Myles Stephens

Personal information
- Born: January 1, 1997 (age 29)
- Listed height: 6 ft 5 in (1.96 m)
- Listed weight: 210 lb (95 kg)

Career information
- High school: The Pennington School (Pennington, New Jersey); St. Andrew's School (Middletown, Delaware);
- College: Princeton (2015–2019)
- NBA draft: 2019: undrafted
- Playing career: 2019–2024
- Position: Shooting guard / small forward

Career history
- 2019–2020: Oldenburger TB
- 2020–2021: Vilpas Vikings
- 2021–2022: Kangoeroes Mechelen
- 2022–2023: Crailsheim Merlins
- 2023–2024: Dolomiti Energia Trento

Career highlights
- BNXT League Dream Team (2022); Ivy League Defensive Player of the Year (2017); 2× First-team All-Ivy League (2017, 2019); Second-team All-Ivy League (2018); Ivy League tournament MOP (2017);

= Myles Stephens =

American basketball player

Myles Stephens (born January 1, 1997) is an American former professional basketball player.
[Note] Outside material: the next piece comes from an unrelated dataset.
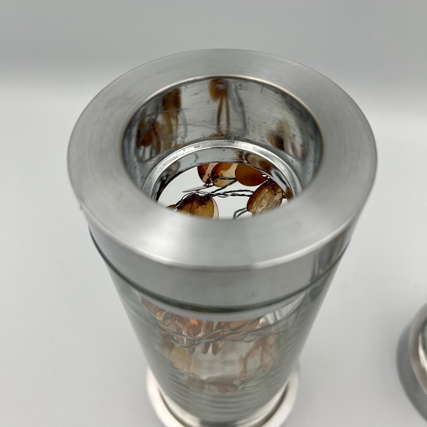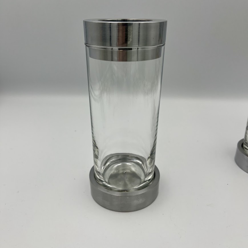 Stilren lysestage fra Menu i moderne design med kombination af klart glas og børstet metal.
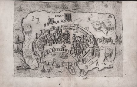 Carta geografica dell’isola di Rodi. In alto all’interno dell’isola il titolo RODI. Mappa priva di scala grafica, orientazione e graduazione ai margini.Questa mappa dell’isola di Rodi ha radici ancora sconosciute, si tratta di una mappa abbastanza chiara della città all’epoca dell’assedio del sultano Solimano, quando i cavalieri di San Giovanni intervennero per liberarla. Ben tracciata è la fortificazione del porto che circonda la città; la scena riportata sul lato destro della mappa, con grande probabilità vuole raffigurare i cavalieri di San Giovanni che trasportano il corpo di Sant’Eufemia ed altri valori dell’Ordine a bordo di una nave. La stampa, tuttavia, non è coeva alle scene rappresentate e può essere attribuita, senza grandi dubbi, alla mano di Ferrando Bertelli. L’unico esemplare conosciuto di questa carta è quello descritto da Peter Meurer nello ‘Strabo Atlas’, atlante appartenuto alla famiglia Bertelli, ora conservato alla Bayerische StaatsBibliothek di Monaco di Baviera.Acquaforte e bulino, in buono stato di conservazione. Map of Rhodes, lettered RODI within the map at top. Without graphic scale.The only one example known is described by Peter Meurer in "The Strabo Illustratus Altlas": "The publishing background of this hitherto unrecorded map awaits further research. The view of the town of Rodhes is rather good, see details like the chain closing the strongly fortified harbour. The outlines of the island are only sketchy. Some group of figures seem to allude to the evnts of 1 January 1523, when the Knights of St. John honourably surrendered Rhodes to Sultan Solyman after a long siege. The scenary on the right coast probably shows the knights bringing teh body of Saint Euphemia and other valuables of the Order on board of a ship."This engraving is however not contemporary to the scenes, and can be attribued to Ferrando Bertelli.The Strabo atlas, came from the House of Bertelli in Venice, is kept by Bayerische StaatsBibliothek - Bavarian State Library.Copperplate, in good condition. Cfr. Meurer (2002): n. 133.

He played college basketball at Princeton University.

==Early life and high school==
Stephens grew up in the Lawrenceville section of Lawrence Township, Mercer County, New Jersey and attended The Pennington School before transferring to St. Andrew's School in Middletown, Delaware after his sophomore year. He committed to play college basketball at Princeton over offers from Brown, Columbia, Holy Cross, Penn, Seton Hall, Cornell and Yale.

==College career==
Stephens came off the bench as a freshman and averaged 5.5 points in 29 games played. As a sophomore, Stephens was named first team All-Ivy League and the conference Defensive Player of the Year averaged 12.5 points and 4.6 rebounds per game and blocked 22 shots. He was named second team All-Ivy after averaging 15.3 points and 6.3 rebounds in his junior season. Stephens was named first team All-Ivy as a senior after averaging 13.6 points and 6.4 rebounds per game.

==Professional career==
Stephens signed with Oldenburger TB of the German ProB on December 7, 2019.

Stephens signed with the Vilpas Vikings of the Finnish Korisliiga for the 2020–2021 season. He averaged 12.7 points and 5.9 rebounds on the season.

Stephens signed with Belgian team Kangoeroes Mechelen of the BNXT League on September 3, 2021.

On July 18, 2022, he has signed with Crailsheim Merlins of the Basketball Bundesliga (BBL).

On August 3, 2023, he signed with Dolomiti Energia Trento of the Italian Lega Basket Serie A (LBA).